Try it = Omit every picture, and retype the lines that run from the beginning of the data below through the line containing "Σχολικό εγχειρίδιο της", inclusive.

Data entries:
··········

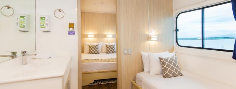The Yacht Solaris offers twelve twin cabins located on either the main deck or upper deck. Located on the main deck are five cabins are outfitted with a single bed and one cabin with a queen bed and a single. The cabins located on the upper deck feature a queen bed and a single bed, or a queen bed and a sofa bed. All the cabins include large panoramic windows with an ocean view and a private ensuite bathroom with hot and cold water.
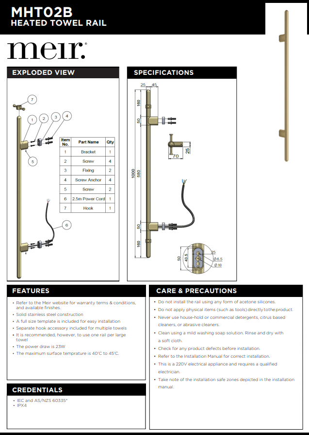 Elevate your bathroom experience with the contemporary Meir Heated Towel Rail, blending practicality and elegance.
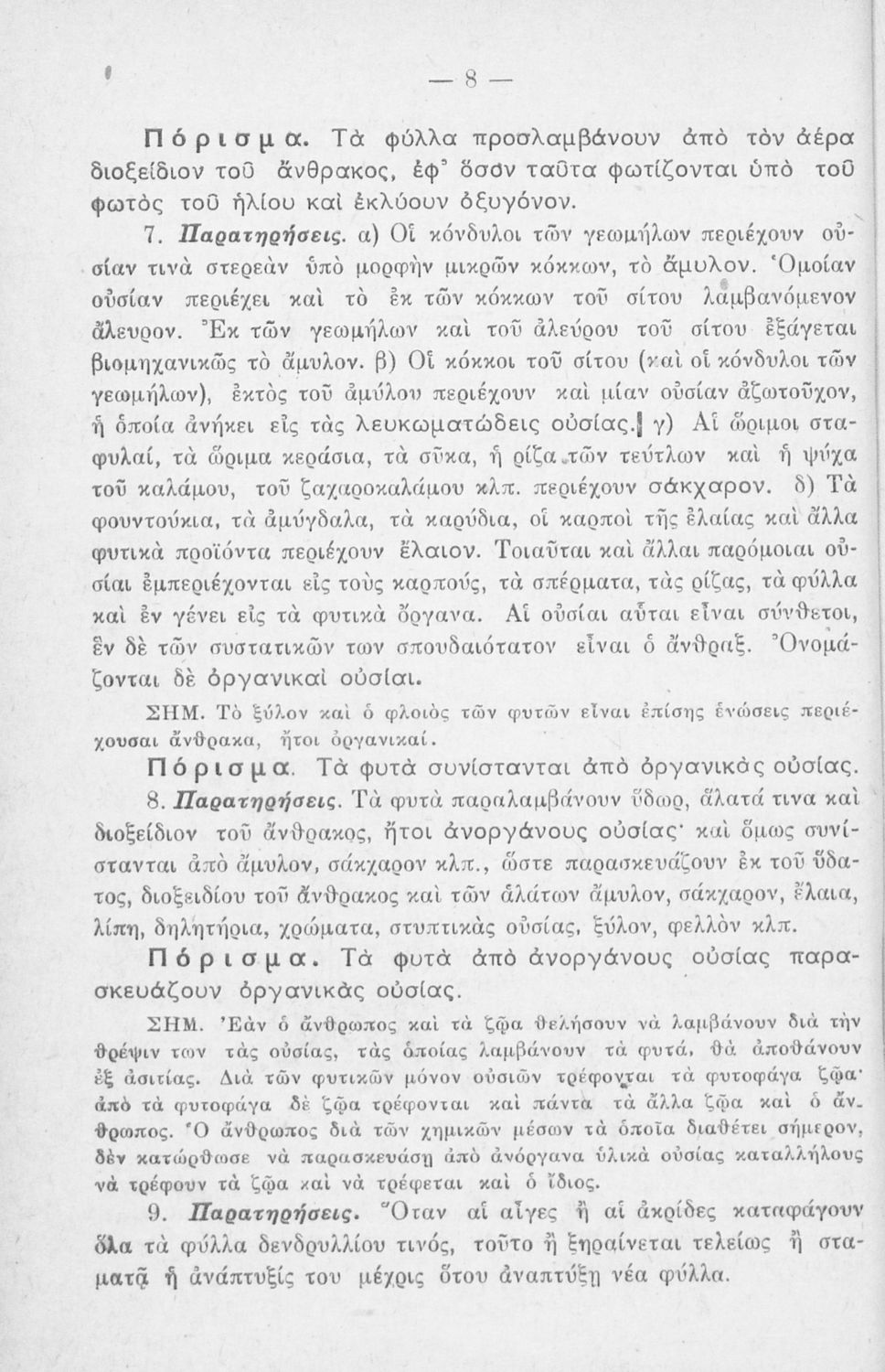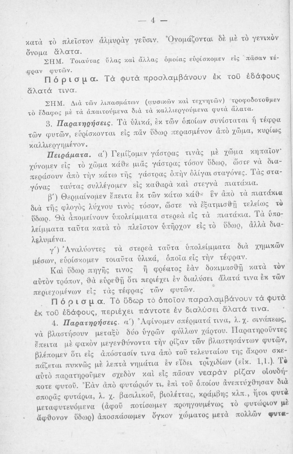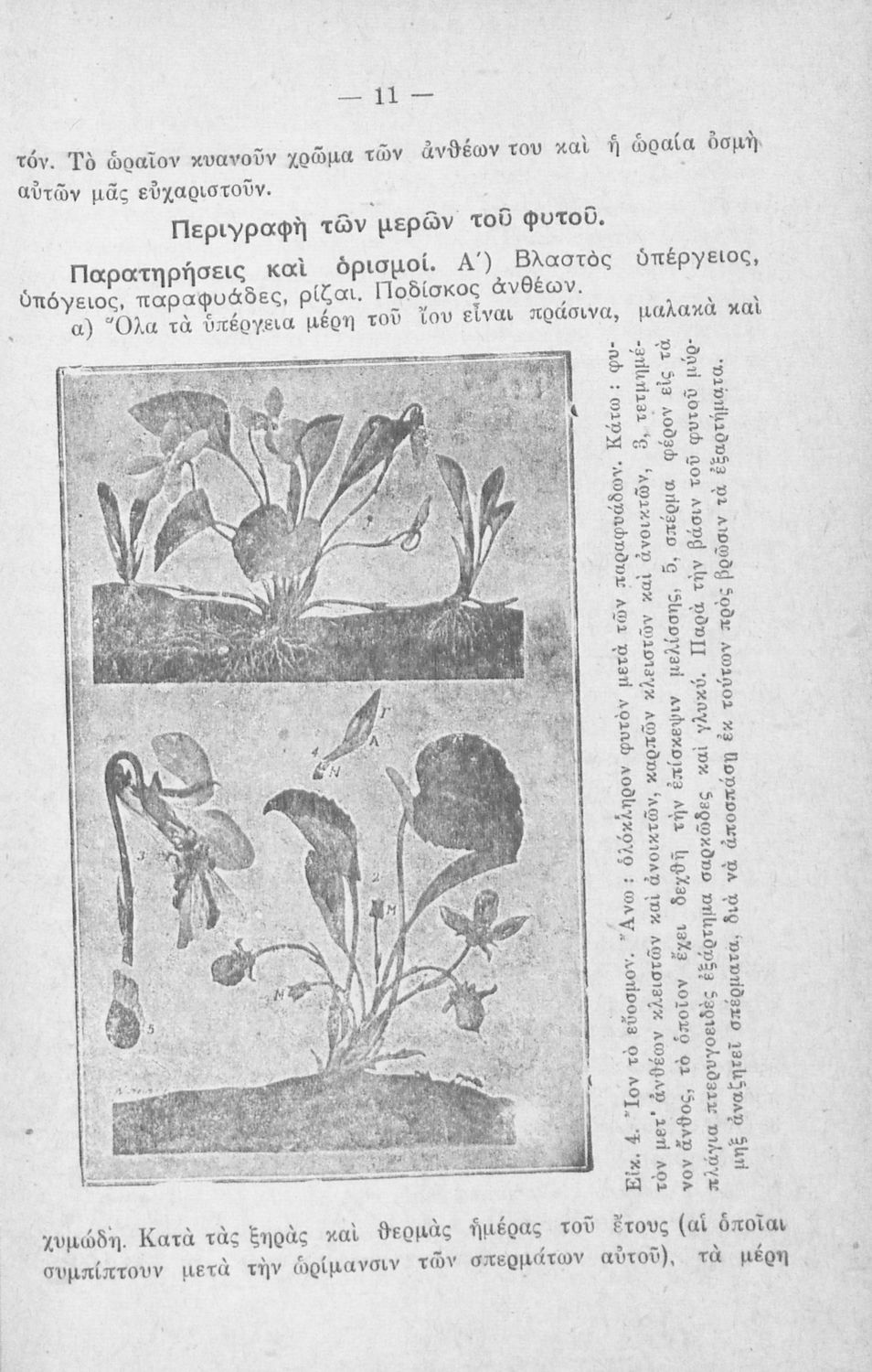 Σχολικό εγχειρίδιο της Δ΄ Γυμνασίου για το μάθημα της Φυτολογίας. Το εγχειρίδιο αποτελείται από δύο μέρη, το ειδικό και το γενικό μέρος. Το ειδικό μέρος περιλαμβάνει την προετοιμασία των μαθητών για την καλύτερη μάθηση και επεξεργασία της ύλης του μαθήματος, την σχέση των φυτών από το κλίμα που επικρατεί σε κάθε περιοχή και τις φυσικές ιδιότητες κάθε φυτού. Το γενικό μέρος ασχολείται με την ανατομία και την φυσιολογία των φυτών (εσωτερική κατασκευή των φυτών).
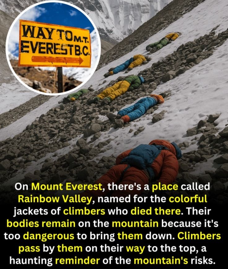 High above the clouds, where the air is thin and the wind howls like a ghost, lies one of the most haunting places on Earth โ Rainbow Valley, on the slopes of Mount Everest. Itโs a name that sounds beautiful, but its beauty is born of tragedy. The valley gets its name from the brightly colored jackets of fallen climbers whose bodies remain frozen along the route, forever preserved by the icy temperatures. ๐งโโ๏ธโ๏ธ
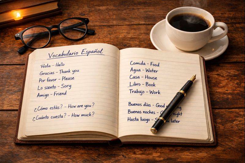 Ambil buku catatan besar. Tulis 25 kata atau frase bahasa target beserta terjemahannya. Jangan dipaksain hafal. Cukup tulis dengan nyaman. Selesai. Tidak ada target waktu.
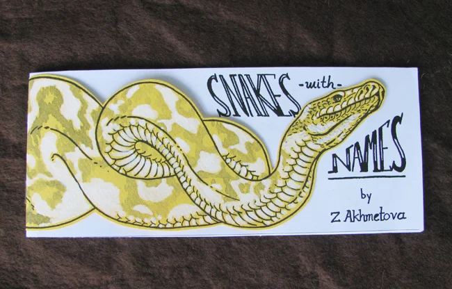 This is a zine that debuted at CAKE 2015, featuring 13 interior illustrations of real snakes with creative depictions of their names.
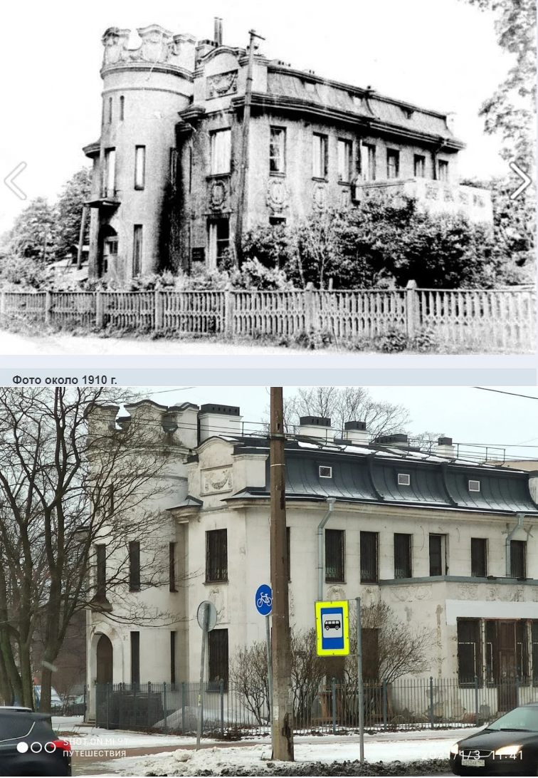 Этот старинный особняк, похожий на маленький замок, на проспекте Тореза, 8, всегда привлекал моё внимание своим видом. А про его историю я уже упоминала в предыдущих статьях, ссылки на которые ниже: Но мне всегда хотелось посмотреть, как же он выглядит изнутри. Несмотря на то, что в здании после революции располагались общественные заведения (сначала работала начальная школа, а в 1931 году в особняк переехала районная библиотека имени А.С. Серафимовича, которая существовала там до 1967 года и работала даже в блокаду), фотографий интерьера не сохранилось. Лишь на одном краеведческом сайте мне удалось найти его описание: "Изначально помещения внутри особняка располагались анфиладами: на 1-ом этаже – гостиная, комната отдыха для гостей, кабинет, кухня с подсобным помещением и два санузла, на 2-ом этаже – спальни для хозяев и гостей, рекреация с выходом на балкон веранды, ванная, санузел. В его описании 1914 г. упоминается: «...особняк крыт железом, оштукатурен снаружи и внутри. Полы па

··········

Output for this task =
The Yacht Solaris offers twelve twin cabins located on either the main deck or upper deck. Located on the main deck are five cabins are outfitted with a single bed and one cabin with a queen bed and a single. The cabins located on the upper deck feature a queen bed and a single bed, or a queen bed and a sofa bed. All the cabins include large panoramic windows with an ocean view and a private ensuite bathroom with hot and cold water.
 Elevate your bathroom experience with the contemporary Meir Heated Towel Rail, blending practicality and elegance.
 Σχολικό εγχειρίδιο της Δ΄ Γυμνασίου για το μάθημα της Φυτολογίας. Το εγχειρίδιο αποτελείται από δύο μέρη, το ειδικό και το γενικό μέρος. Το ειδικό μέρος περιλαμβάνει την προετοιμασία των μαθητών για την καλύτερη μάθηση και επεξεργασία της ύλης του μαθήματος, την σχέση των φυτών από το κλίμα που επικρατεί σε κάθε περιοχή και τις φυσικές ιδιότητες κάθε φυτού. Το γενικό μέρος ασχολείται με την ανατομία και την φυσιολογία των φυτών (εσωτερική κατασκευή των φυτών).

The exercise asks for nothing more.